Unit testing - suitable for all development?

Terry Reedy tjreedy at udel.edu
Mon Mar 8 23:44:07 EST 2004


"Greg Ewing (using news.cis.dfn.de)" <wmwd2zz02 at sneakemail.com> wrote in
message news:c2j9ea$1ug17d$1 at ID-169208.news.uni-berlin.de...
> It sounds like you have a similar situation as I have
> with Pyrex. The Pyrex compiler is made up of a large
> number of parts which interact in very complex ways.
> Each part on its own is fairly simple, and while it
> *could* be tested on its own after a fashion, this
> wouldn't really help much, because most of the
> interesting things happen in the interactions between
> the parts, rather than inside the parts themselves.
>
> I haven't bothered doing unit testing in the conventional
> sense with Pyrex.
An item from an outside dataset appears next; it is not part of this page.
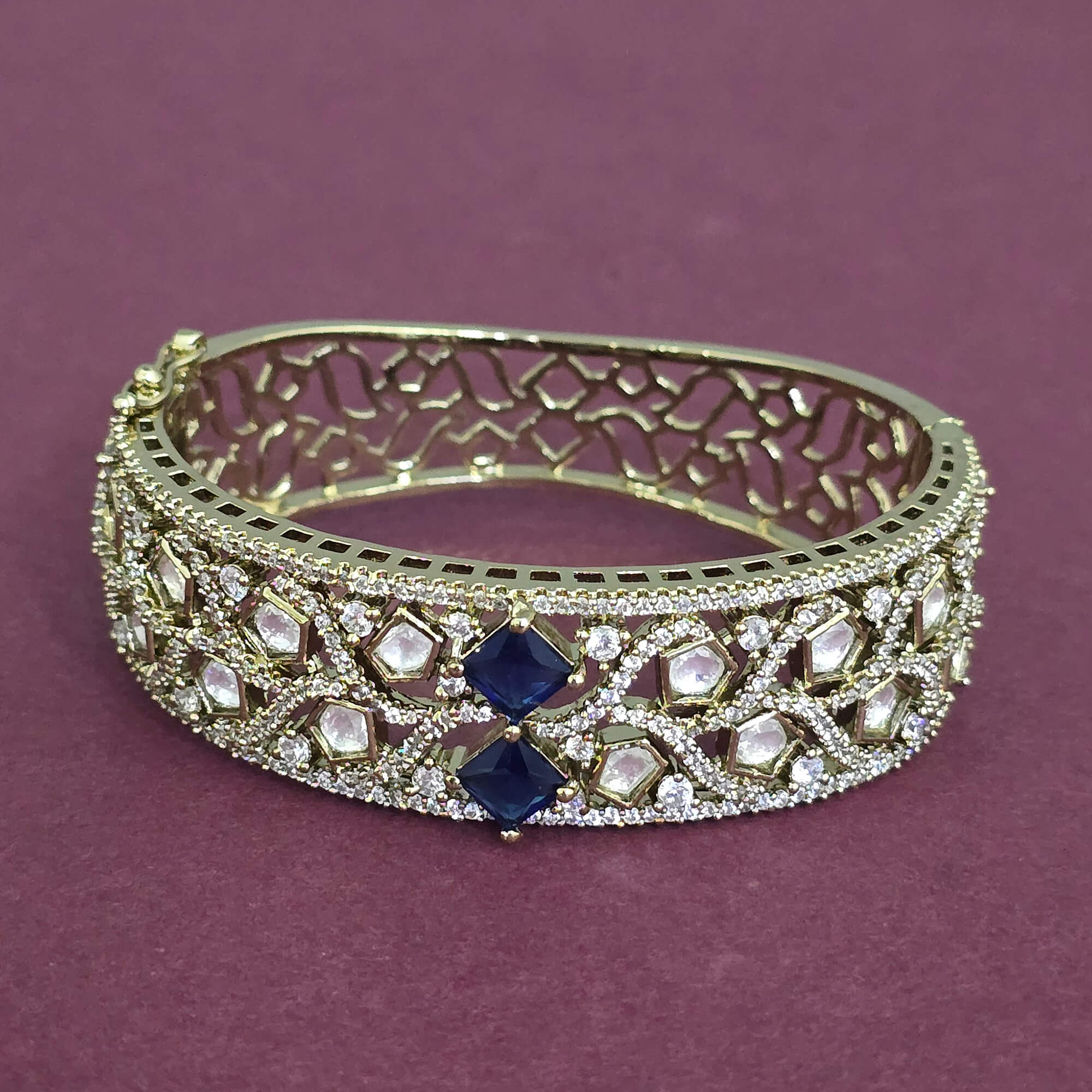352719 Kundan Openable Kada With Mehndi Plating

What I have instead is a large collection
> of very small Pyrex files, each of which exercises some
> feature of the Pyrex language. Running the test consists
> of compiling the file and checking that the generated code
> matches previously verified output.

The main test files for the Python interpreter are similar, testing that
0+1==1, 2*2==4, 'a'+'a'=='aa', [0,1][1]==1, and so on for hundreds of
compile and execute cases intended to cover every syntax feature possible.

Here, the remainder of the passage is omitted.